• _WHAT YOU WILL DO_:
Begin at the line holding "Bouton-poussoir A22NW Ø22, 2" and set down exactly each line through the last one below, omitting pictures. Include nothing else.

• _DATA SECTION_:

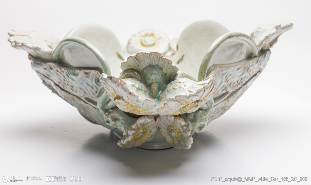 Matéria/Técnica: Barro vidrado policromado; Cronologia: 1901; Autoria: Rafael Bordalo Pinheiro; Dimensões: Comprimento: 44,2 x Altura: 13,7 x Largura: 35,9 cm.
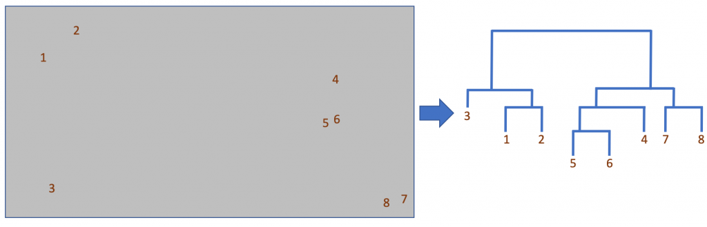 For hierarchical clustering, let us look at how it is done; following that, it will be easier to understand the same intent. When data is taken, the distance of data points is calculated automatically and formulated into a matrix form. Now, once the matrix is calculated, two steps are performed consecutively, the clusters close to each other are identified and then clubbed together. Each step of clubbing became a split node and performed until all are clubbed together. Below a schematic representation using the dendrogram makes it easier to understand.
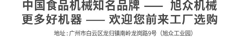 廣州旭眾食品機(jī)械有限公司是一家集科研開發(fā),生產(chǎn)設(shè)計(jì),營銷服務(wù)為一體的現(xiàn)代化生產(chǎn)企業(yè)?,F(xiàn)代化生產(chǎn)車間,精湛制造技術(shù),所產(chǎn)機(jī)械歷經(jīng)市場重重考驗(yàn),不斷贏得海內(nèi)外客戶的贊譽(yù)。
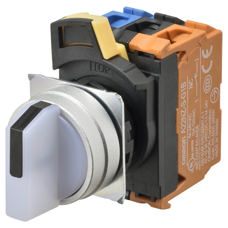 Bouton-poussoir A22NW Ø22, 2 positions, Lumineux, lentille Métal brossé métal, AUTO RESET ON Gauche, Couleur Blanc, DEL Jaune, 2NF, 24 VDC
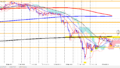 チャートよく見ると、チャネルライン内で大きく三尊形成にも見えてくるし、下から2番目のオレンジラインに小さく逆三尊形成にも見える。
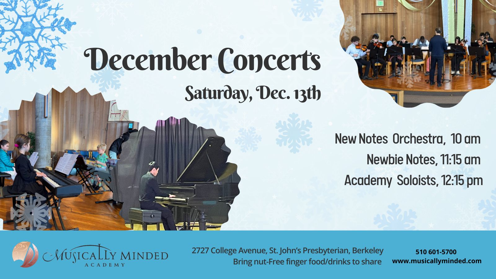 Come enjoy our soloist students showcasing their winter music! Students of all ages will perform solo works. Invite family and friends, the more the merrier! Also, bring nut-free finger food or single-serve drinks to share with the group.
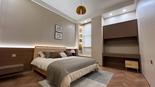 針對現(xiàn)代輕奢風格需求,設計師可選用碳晶板與金屬線條的組合,通過門墻柜一體同色技術,實現(xiàn)空間色彩與材質的無縫銜接;而中式風格的營造,則通過木紋、石紋與布紋系列板材的搭配,配合格柵、懸空背景墻等元素,還原傳統(tǒng)文化的意境之美。這種“先設計后生產”的模式,從根本上避免了傳統(tǒng)裝修中“東拼西湊”的雜亂感,讓家居空間成為有邏輯、有層次的美學整體。
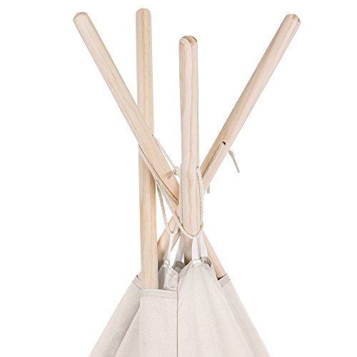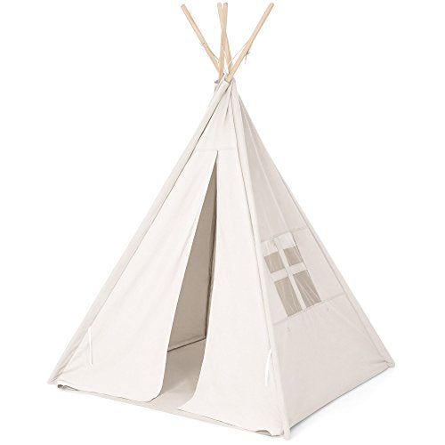 Details: Oh, the adventures you'll have! This cotton canvas kid's teepee tent offers a fantastic space for children to play, pretend, read, nap, and more! Inspire little dreamers to use their imaginations and visit far-off lands, all from the comfort of your backyard or living room! Specifications: Overall Dimensions: 49"(L) x 52"(W) x 70.5"(H) Interior Dimensions: 45"(L) x 45"(W) x 55"(H) Mesh Window: 14"(L) x 13"(W) Carrying Bag: 45"(L) x 5"(Dia) Weight: 7.7 lbs. Includes: 1 tent body, 4 wooden poles, 1 carrying case Material: Cotton Canvas Frame Material: Wood Carrying Bag Material: Cotton Canvas Color: White Intended for indoor use only Flame-retardant, ASTM F963 safety standards For children ages 4 and up Assembly required (instructions included)

• _SOLUTION BELOW_:
 Bouton-poussoir A22NW Ø22, 2 positions, Lumineux, lentille Métal brossé métal, AUTO RESET ON Gauche, Couleur Blanc, DEL Jaune, 2NF, 24 VDC
 チャートよく見ると、チャネルライン内で大きく三尊形成にも見えてくるし、下から2番目のオレンジラインに小さく逆三尊形成にも見える。
 Come enjoy our soloist students showcasing their winter music! Students of all ages will perform solo works. Invite family and friends, the more the merrier! Also, bring nut-free finger food or single-serve drinks to share with the group.
 針對現(xiàn)代輕奢風格需求,設計師可選用碳晶板與金屬線條的組合,通過門墻柜一體同色技術,實現(xiàn)空間色彩與材質的無縫銜接;而中式風格的營造,則通過木紋、石紋與布紋系列板材的搭配,配合格柵、懸空背景墻等元素,還原傳統(tǒng)文化的意境之美。這種“先設計后生產”的模式,從根本上避免了傳統(tǒng)裝修中“東拼西湊”的雜亂感,讓家居空間成為有邏輯、有層次的美學整體。
 Details: Oh, the adventures you'll have! This cotton canvas kid's teepee tent offers a fantastic space for children to play, pretend, read, nap, and more! Inspire little dreamers to use their imaginations and visit far-off lands, all from the comfort of your backyard or living room! Specifications: Overall Dimensions: 49"(L) x 52"(W) x 70.5"(H) Interior Dimensions: 45"(L) x 45"(W) x 55"(H) Mesh Window: 14"(L) x 13"(W) Carrying Bag: 45"(L) x 5"(Dia) Weight: 7.7 lbs. Includes: 1 tent body, 4 wooden poles, 1 carrying case Material: Cotton Canvas Frame Material: Wood Carrying Bag Material: Cotton Canvas Color: White Intended for indoor use only Flame-retardant, ASTM F963 safety standards For children ages 4 and up Assembly required (instructions included)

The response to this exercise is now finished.